Socio-economic indices were not significantly related to the HEI-2010, but it appears that aging may significantly influence better choices of healthy foods. This finding also agrees with that in the Iranian cohort of Tehran Lipid and Glucose Study (TLGS) 2010 (17).

Investigating the components in detail showed that increased sodium score was negatively related to general obesity. According to available evidence, high sodium consumption is associated with a higher risk for overweight/obesity (27) and an inverse relationship exists between sodium intake and HEI-2010 (21). This association can be attributed to the fact that high levels of sodium are associated with increased adipocyte mass and insulin sensitivity (in rats) and increased insulin resistance and prevalence of metabolic syndrome in humans (28).
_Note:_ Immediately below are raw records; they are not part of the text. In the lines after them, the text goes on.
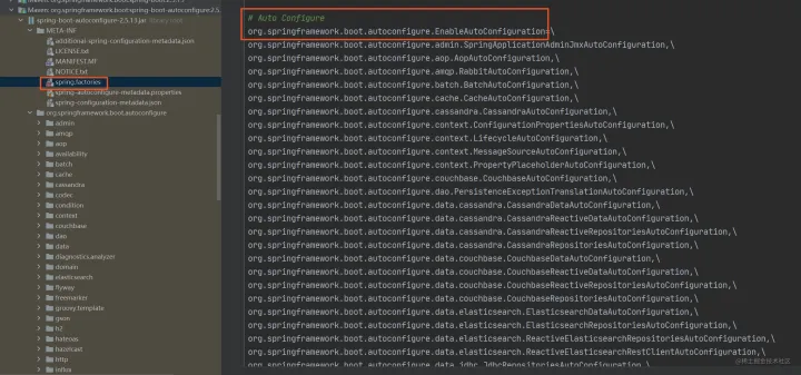 SpringFactoriesLoader.loadFactoryNames()方法会读取META-INF/spring.factories文件下的内容到Map中,再结合传入的factoryType=EnableAutoConfiguration.class,因此会拿到 org.springframework.boot.autoconfigure.EnableAutoConfiguration为key对应的各个XXAutoConfiguration的值,然后springboot在结合各个starter中的代码完成对于XXAutoConfiguration中的Bean的加载动作。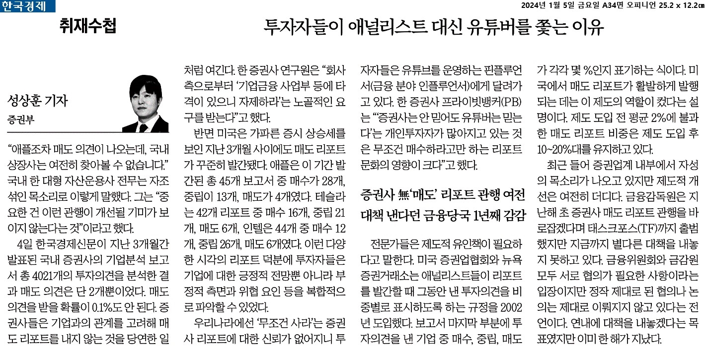 ④ 우리나라에선 '무조건 사라'는 증권사 리포트에 대한 신뢰가 없어지니 투자자들은 유튜브를 운영하는 핀플루언서(금융 분야 인플루언서)에게 달려가고 있다.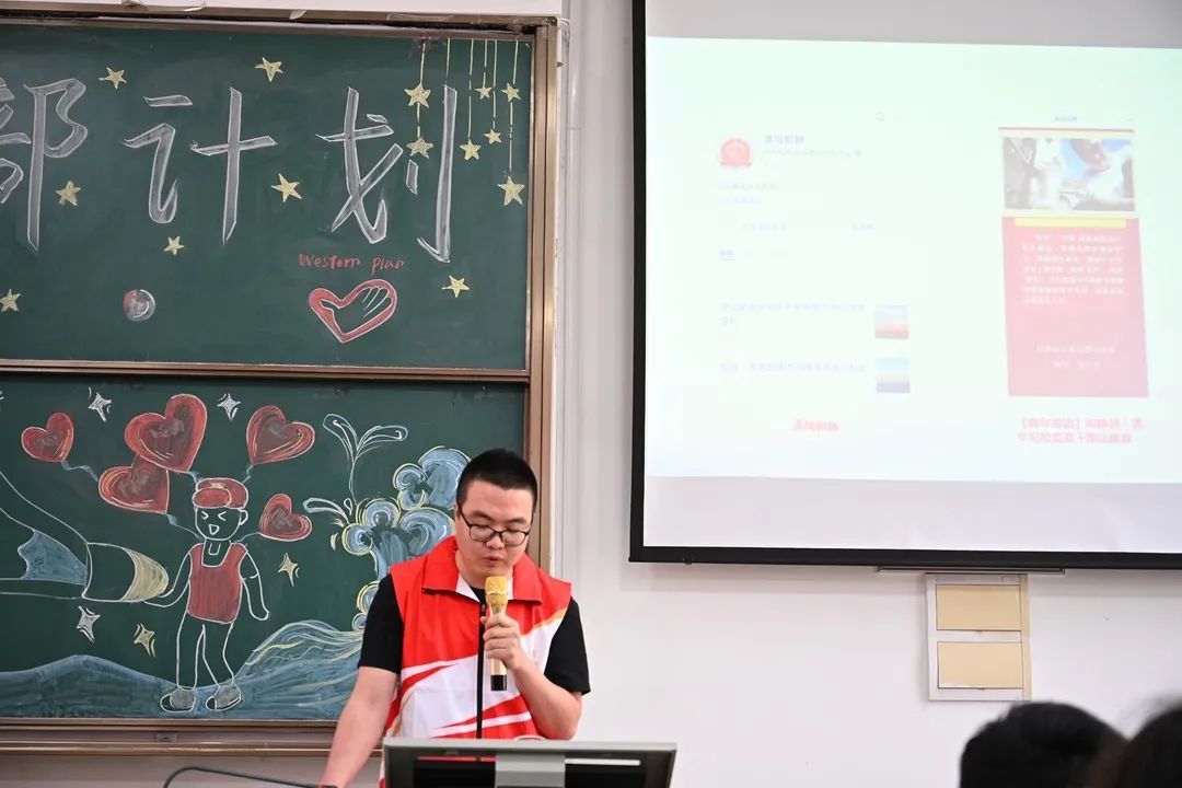 最后,志愿者田奇民深入阐述了参与西部计划的完整流程、具体服务内容、优厚生活待遇及全面政策福利。他着重分析了国家对西部计划志愿者的高度重视,以及所提供的全方位保障和激励措施。他的讲述让同学们对西部计划有了更加深入、全面的了解,激发了大家投身西部、贡献青春的决心与热情。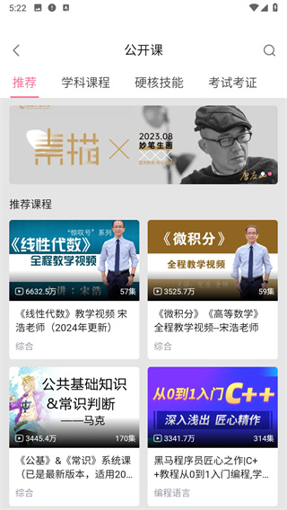 3、在公開課中有學(xué)科課程、硬核技能、考試考證三個分類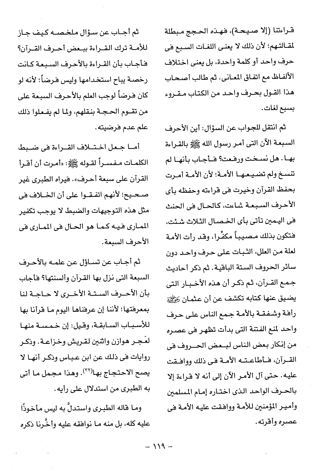 مكفّرا، وقد رأت الأمة لعلة من العلل، الثبات على حرف واحد دون سائر الحروف الستة الباقية. ثم ذكر أحاديث جمع القرآن، ثم ذكر أن هذه الأخبار التى يضيق عنها كتابه تكشف عن أن عثمان رضي الله عنه رأفة وشفقة بالأمة جمع الناس على حرف واحد لمنع الفتنة التى بدأت تظهر فى عصره من إنكار بعض الناس لبعض الحروف فى القرآن، فأطاعته الأمة فى ذلك ووافقت عليه. حتى آل الأمر الآن إلى أنه لا قراءة إلا بالحرف الواحد الذى اختاره إمام المسلمين وأمير المؤمنين للأمة ووافقت عليه الأمة فى عصره وأقرته.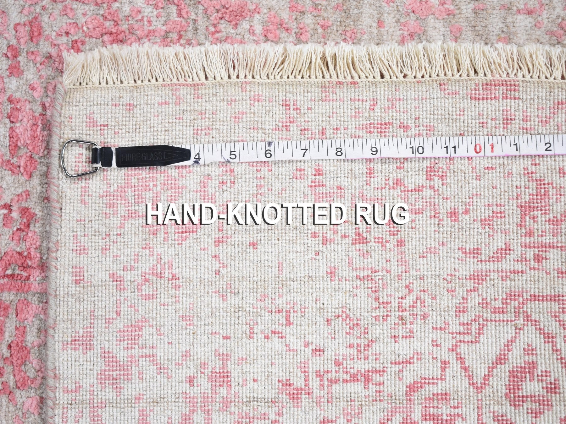 2'8" x 11'10" New Hand Knotted Pink Wool & Silk Runner Oriental Rug - MOA10259204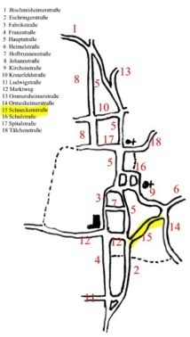 Bischmisheimerstraße | Eschringerstraße | Fabrikstraße | Franzstraße | Hauptstraße | Heimelstraße | Hofbrunnenstraße | Johannstraße | Kirchenstraße | Kreuzfeldstraße | Ludwigstraße | Marktweg | Ommersheimerstraße | Ormesheimerstraße | Schneckenstraße | Schulstraße | Spitalstraße | Tälchenstraße | Breitenbergerhof | Ensheimerhof | Gassenmühle | Thalmühle | Reichenbrunn | Sengscheid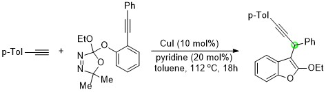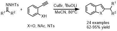 CuBr-catalyzed coupling of N-tosylhydrazone and terminal alkyne: synthesis of benzofuran and indole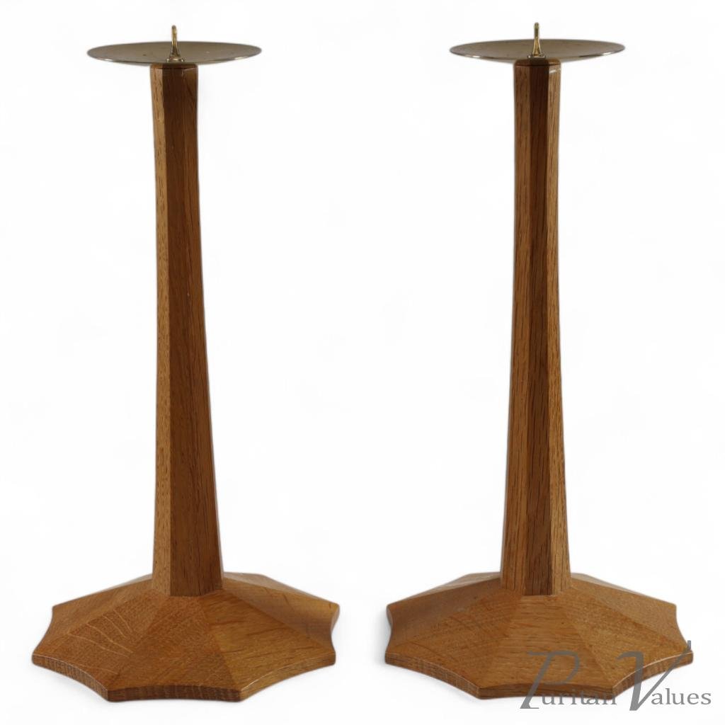 Arts & Crafts Oak Candlesticks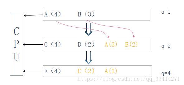 若不能执行完,则放到下一个队列尾部(橙色部分)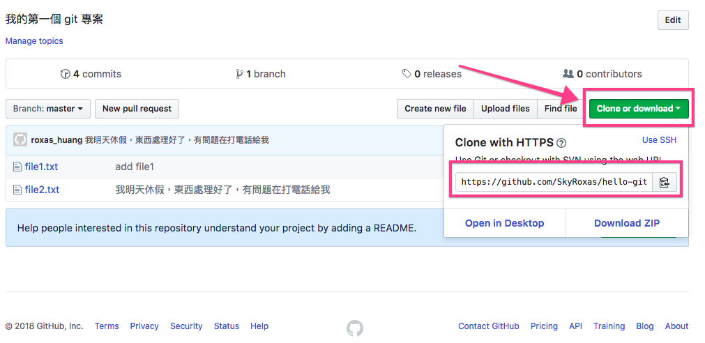 $ git commit -m "加入了兩隻檔案"commit: 加入了兩隻檔案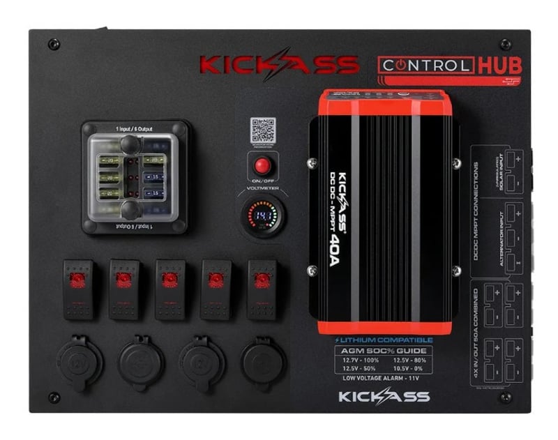 RRP $899 KickAss 12 Volt Control HubDimensions: 40cm (H) x 31cm (W) x 9cm (D)Note: working condition unknown, minor marks and dents, inspection recommended

Among the adequacy components, dairy score was negatively related to WC and BMI; as a valuable predictor of central and general obesity. The reverse relationship between dairy consumption and obesity may be due to the calcium content and particular fats and bioactive peptides which was proven before (29).

In addition, the score of fatty acid (mono and poly saturated ratio to saturated fats) was negatively related to BMI at the crude model, but not significantly when adjusted for other confounders in this study. One-point increase in saturated fat score (HEI-2005) may be related to 3.1% decrease in abdominal obesity risk (7). This can be explained as a higher HEI component score for this nutrient shows meeting or close to meeting recommendations of 10% or less of energy from saturated fatty acids (7), which has been proven to be associated with obesity (30).

Another finding among the HEI moderation subgroups was negative relationship of refined grains and empty calorie scores with WC and BMI anthropometric indices, when the socio-economic factors and total energy intake were adjusted. As mentioned before, energy intake can seriously affect this scoring system and should be considered.

Discretionary fat and added sugar (existing in empty calorie foods) play an important role in general and central obesity morbidity due to high calorie content (21).

Furthermore, weight gain has been shown to be inversely associated with the intake of high-fiber meals including fruits and vegetables and whole-grain foods (26), but positively related with the intake of refined-grain foods as they are calorie-dense and usually considered unhealthy dietary patterns (26).

The trend of central obesity according to the score of total fruit, whole fruit and total vegetables in combination was decreasing especially with regard to total vegetables score (similarly due to fiber and antioxidant content) (25). These findings are consistent with NHANES III study on American males and females (25).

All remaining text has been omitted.